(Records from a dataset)
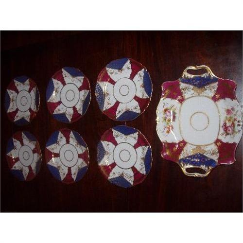 This is a very fine mid 19th century Old Paris High style porcelain dessert service in the Rococo Revival style. This kind of ornate Paris porcelain was a big part of 19th century Southern culture and used in the fine dinning rooms of plantation homes and townhouses in the deep South from Mobile Alabama to New Orleans Louisiana and Up to Natchez Mississippi, Where lots of it can still be seen today. The six beautiful plates have nice scalloped edges with a Burgundy red and royal blue painted on the plates and serving platter with overlay of gold gilt Rococo scrolls . The platter have beautifully painted garden flowers with ornate acanthus leaf handles highlighted in gold gilt. The platter is 12" x 9"and the plates are 8". Condition: Good.
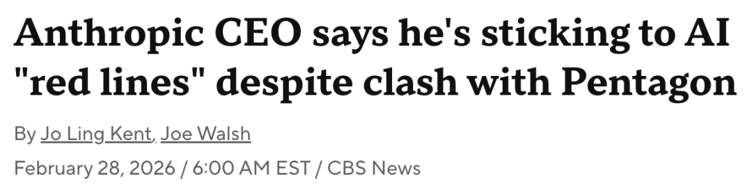 昨天,五角大楼下达的「最后通牒」时间已过,Anthropic不但没有妥协,还再次重申坚定的两条「红线」:
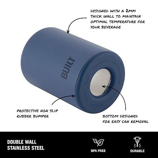 BUILT 12 Ounce Double Wall Stainless Steel K2 Can Chiller Pacific Blue
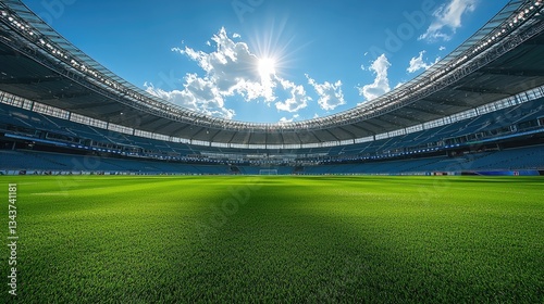 Expansive view of a sunlit stadium with lush green grass and clear blue sky
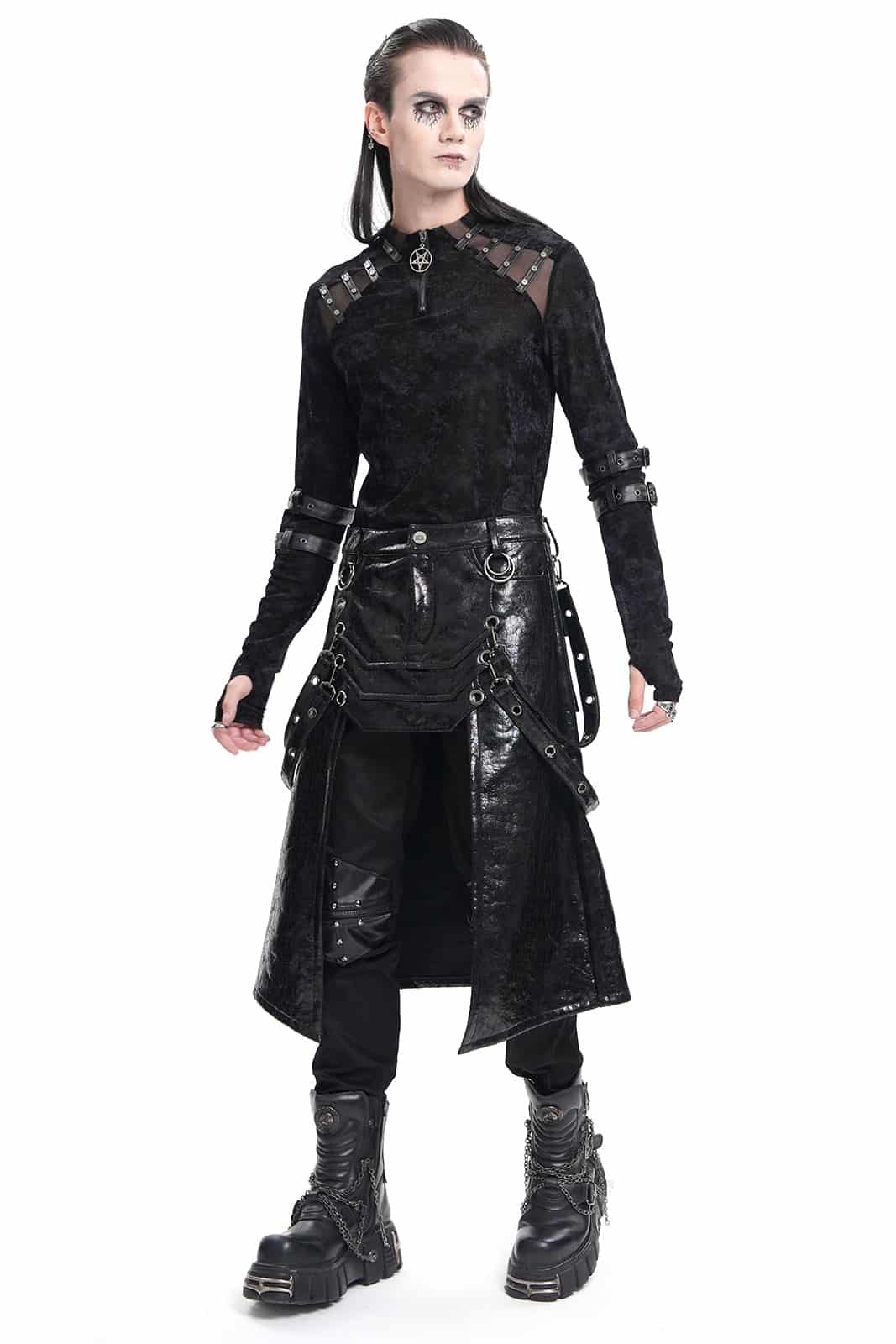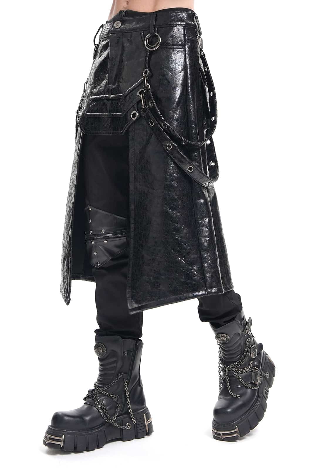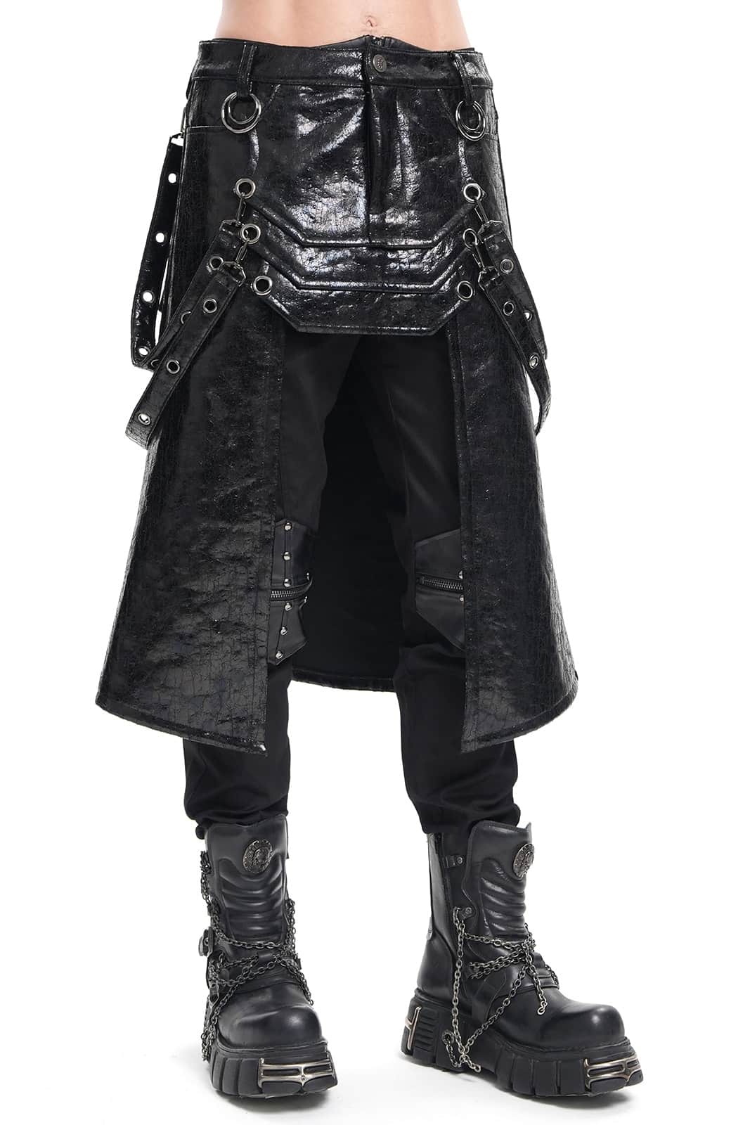 Knielanger Gothic-Herrenrock in schwarzem Rissleder-Finish mit Paneel- und Riemendetails. Mit Knopf und Reißverschluß sowie Gürtelschlaufen. Vorn mit offener Front ab Mitte der Schenkel.

_Exercise instructions_
Print again, word for word, every line from the line with "Expansive view of" to the final line of the records, inclusive; skip the pictures.

_Task answer_
 Expansive view of a sunlit stadium with lush green grass and clear blue sky
 Knielanger Gothic-Herrenrock in schwarzem Rissleder-Finish mit Paneel- und Riemendetails. Mit Knopf und Reißverschluß sowie Gürtelschlaufen. Vorn mit offener Front ab Mitte der Schenkel.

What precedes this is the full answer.